TASK ITEM: Here are some records; copy every line that holds the word "were".
** MATERIAL FOR THIS TASK follows **
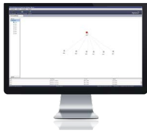
Network Management System (NMS)
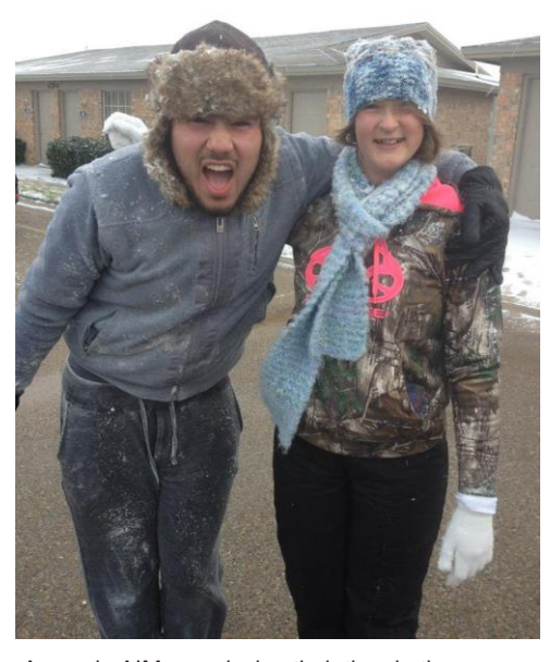
A couple AIMers enjoying their time in the snow

"YOU MAKE KNOWN TO ME THE PATH OF LIFE; IN YOUR PRESENCE THERE IS FULLNESS OF JOY; AT YOUR RIGHT HAND ARE PLEASURES FOREVER MORE." PSALM 17:11 (ESV)
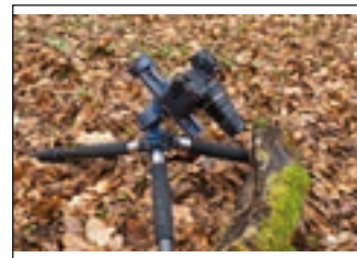
ZRT3853.jpg CASTEL-M on TrioPod-M with MagicBall, Nikon Mirrorless camera and Laowa 25mm f/2.8 2.5-5x Ultra Macro lens
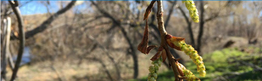
March catkins along Granite Creek.
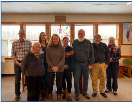
New Friendship Volunteers trained in Tupper Lake in January 2026
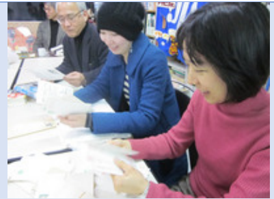
Post card collection.

Web site: http://www.ngo-jvc.net/vteam/laos/ Facebook: https://www.facebook.com/jvclaos Blog: http://laosvolunteerteam.blog.fc2.com/ Contact: Kimura (Laos project) E-Mail: kimura@ngo-jvc.net
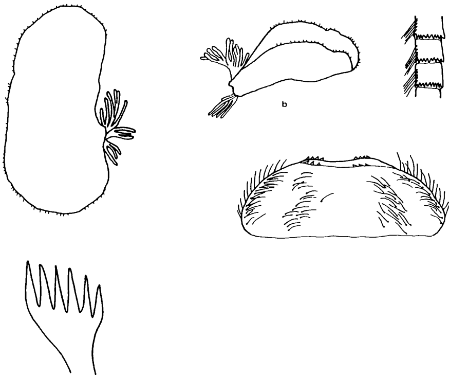
Fig. 3: Rhithrogena savoiensis . a = 1st gill, b = 7th gill, c = fragment of caudal filament, d = labrum, e = 5th comb-shaped bristle from maxillary lacinia
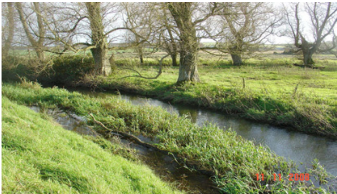
Fig 4.6: Vegetated side bars and deposition. The river channel is reverting back to a base width in which flow is perceptible and instream morphological features are beginning to reform. There were riffled areas in this section and pools developing on bends. A degree of sinuosity was reappearing in the resectioned areas and associated biodiversity was evident.
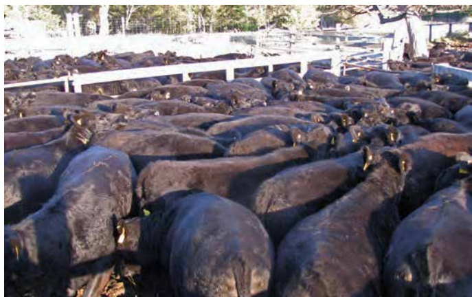
Meadowslea stud 18mth in-calf heifers showing good fat coverings and ready to winter on the hill.

A cow's condition and her ability to lay down fat in times of surplus, and to draw on that fat as an energy source in times of feed deficit is vitally important. This rib and rump fat is the cheapest and most efficient energy store on the farm, and will determine the ability of the herd to get back in-calf and rebreed early after a hard winter or difficult spring.
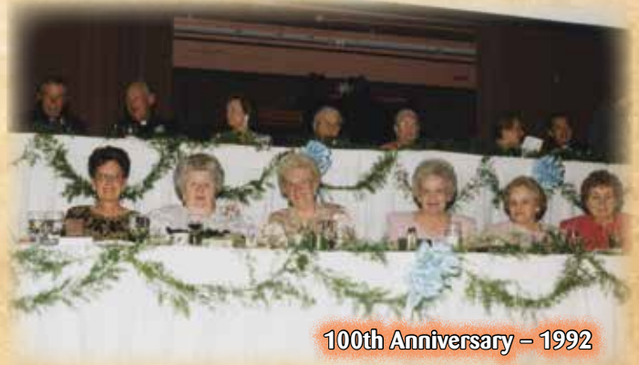
100th Anniversary - 1992
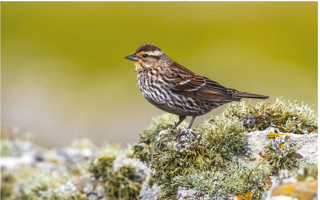
264 Red-winged Blackbird / Epauletspreeuw Agelaius phoeniceus , female, North Ronaldsay, Orkney, Scotland, 14 May 2017
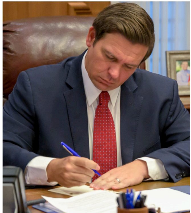
Governor Ron DeSantis

HB 159 allows licensed pharmacists to screen adults for HIV exposure and provide the results of such screening. A pharmacist who has screened a patient for HIV must advise the patient to seek further medical consultation or treatment from a physician. The bill also establishes a process by which a pharmacist may become certified to
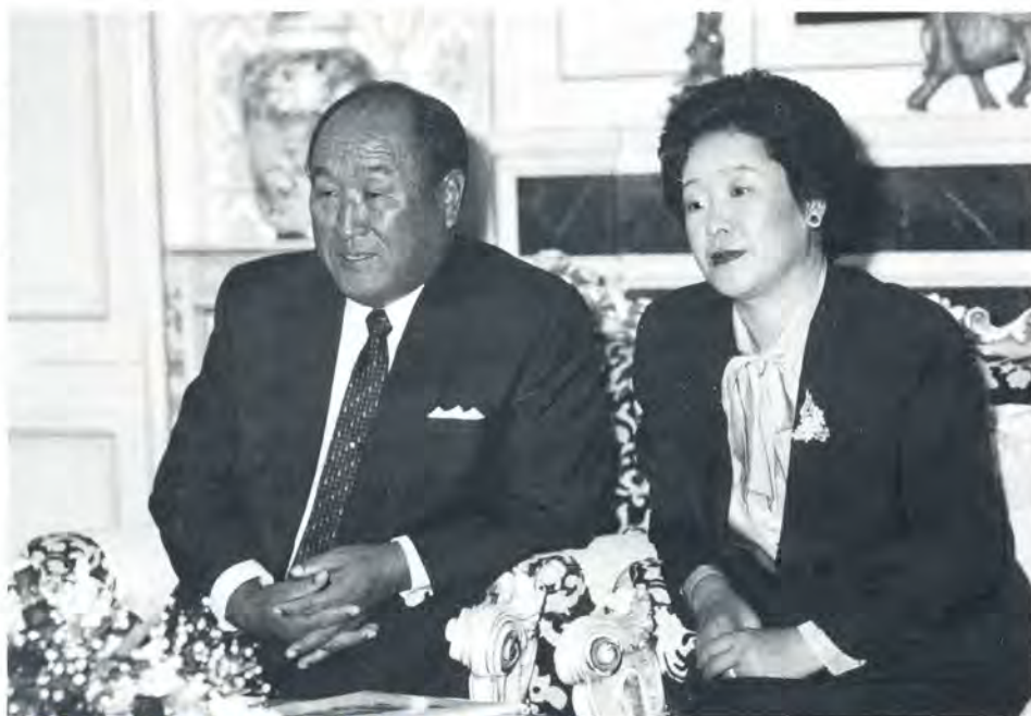
"They are always living a public life each moment."

When Father was visiting at home I would do his laundry. I saw that the undershirts and underwear were so old and so dirty. I was always crying about Father's clothes. Many times I also saw
** End of MATERIAL FOR THIS TASK **
EXPECTED ANSWER:
Fig 4.6: Vegetated side bars and deposition. The river channel is reverting back to a base width in which flow is perceptible and instream morphological features are beginning to reform. There were riffled areas in this section and pools developing on bends. A degree of sinuosity was reappearing in the resectioned areas and associated biodiversity was evident.
When Father was visiting at home I would do his laundry. I saw that the undershirts and underwear were so old and so dirty. I was always crying about Father's clothes. Many times I also saw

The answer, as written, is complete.